When poet and subject merge

This pamphlet is in homage to the sculptor, Germaine Richier, her life and work. In the first poem ‘The Vine-Grower’s Daughter’ a strange synthesis is created between poet and sculptor. The girl Germaine Richier is on a beach in the Midi with her family:

She cut runes in the sand —
   ‘des étangs’, littoral lines.
   Drew circles with a stick.
        It's what kids do.
              What I did too, laying down bones

   beside the slate blue sea

Suddenly there is a young Sally Festing on a Norfolk beach and later:

I took a barefoot run
on mud-cracked hexagons.

The days were long.
        There was so much,
        so much time. 

The last two lines of this poem are Richier again but really by now the two girls / women seem one:

        Look! I made a perfect sun.
She balled her fists, signed GERMAINE.

What an amazing beginning to the pamphlet.

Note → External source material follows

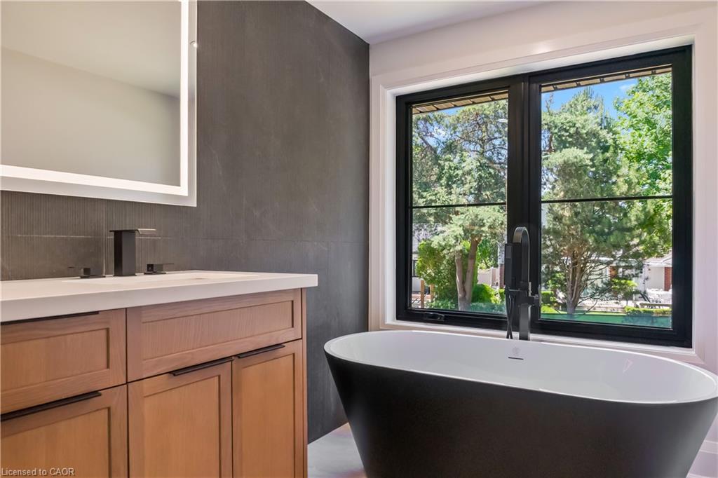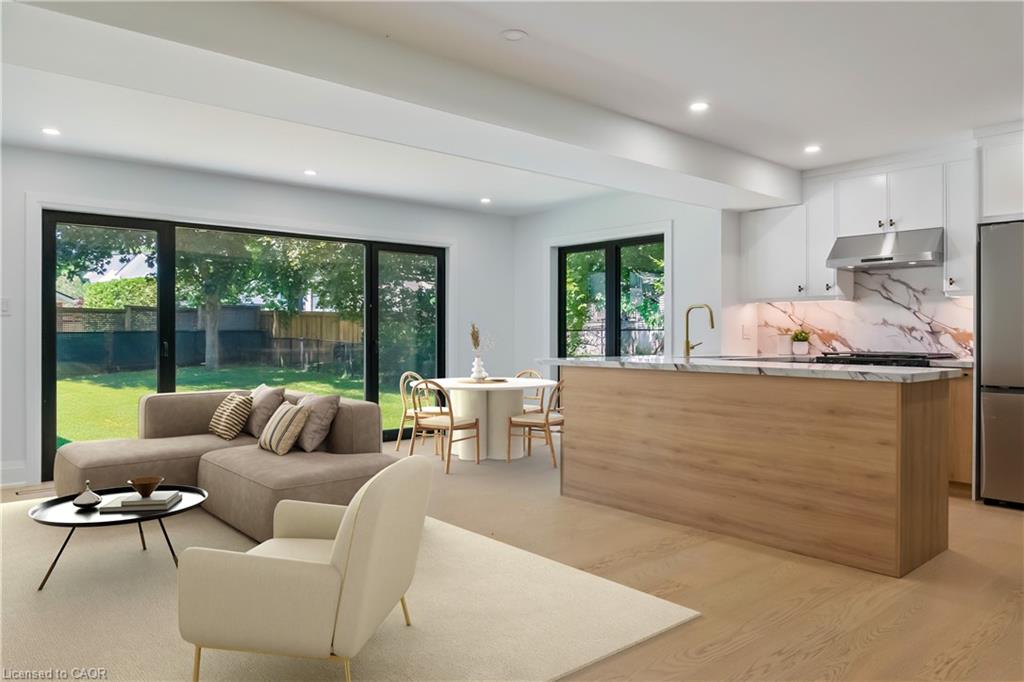 Two Houses in One! This exceptional property presents a uniqueopportunity for multi-generational living or income-generatingpotential with its fully self-contained in-law suite.Situated on aquiet tree-lined street in the highly sought-after Ford area,this impressiveresidence offers over 5,600 square feet of total living space,thoughtfullydesigned to accommodate a variety of modern lifestyles.The main house features 4+1 bedrooms and 5 baths.Step intothe double-height foyer, where a statement chandelier sets the tone for thesophisticated interiors and open concept main living area with separate officearea.The heart of the home is a custom-designed chef’s kitchen,outfittedwith premium Wolf and Sub-Zero built-in appliances,incl a beverage fridge.Anoversized island,wide plank oak hardwood flooring,high-end lighting, and a mainfloor laundry/mudroom with abundant storage complete the main level.Floating stairs lead you to the 2nd level.The principal bdrmfeatures a walk in closet and 5pc spa like ensuite.3 additional bedrooms and2x4 pc bathrooms offer comfort and privacy.The finished lower level includes anadditional 5th bedroom,recreation space, a 4pc bathroom, & rough-in hometheatre area.Connected via the mudroom but also offering aprivate  separate entrance,the second dwelling home offers2,056+ sq ft of thoughtfully appointed living space.The main floorfeatures  living/dining & kitchen area with ss appliances.The 2ndlevel with  principal bdrm,walk in closet and 5 pc ensuite.2 additional bdrmswith shared ensuite access and conventiently located laundry room completesthis level.Fully finished basement with wet bar and 4-piece bath.This home isperfect for extended family or tenants. Set on a large,pool-sized lot,thebackyard awaits your personal touch—ideal for creating a private outdoorretreat.This is a rare chance to be the first owner sincere-construction of this versatile and luxurious property inone of Oakville’s most desirable neighbourhoods. LUXURY CERTIFIED

I felt myself propelled into the artistic life of the sculptor, who appeared before me, it seemed, as if there was no filter. A rhythm is created, there is urgency: life events, the war years and always the work seen as a battle. In ‘L’Atelier’, the sculptor is at work. The poet speaks of her with complete authority:

This is her world with her figures.
It varies — she laughs. Despairs.

When the hole in her gut feels small
and the sun shines in, she gives them buddings.

When the hurricane whistles through,
she knows what it’s like and punctures.

The sculpture of the White Queen has a hole pierced through it. These are the last lines of the final poem, ‘Queen’:

You count your beads   carry on   dodging the thistles
rattling chains to Poseidon   You refuse to be unsung

Sally Festing’s poems are spare, precise and elegant, lots of white space, sometimes indented lines. Richier is quoted as saying that sculpture ‘renounces a solid full form. Holes and perforations light up the material, which becomes organic and open.’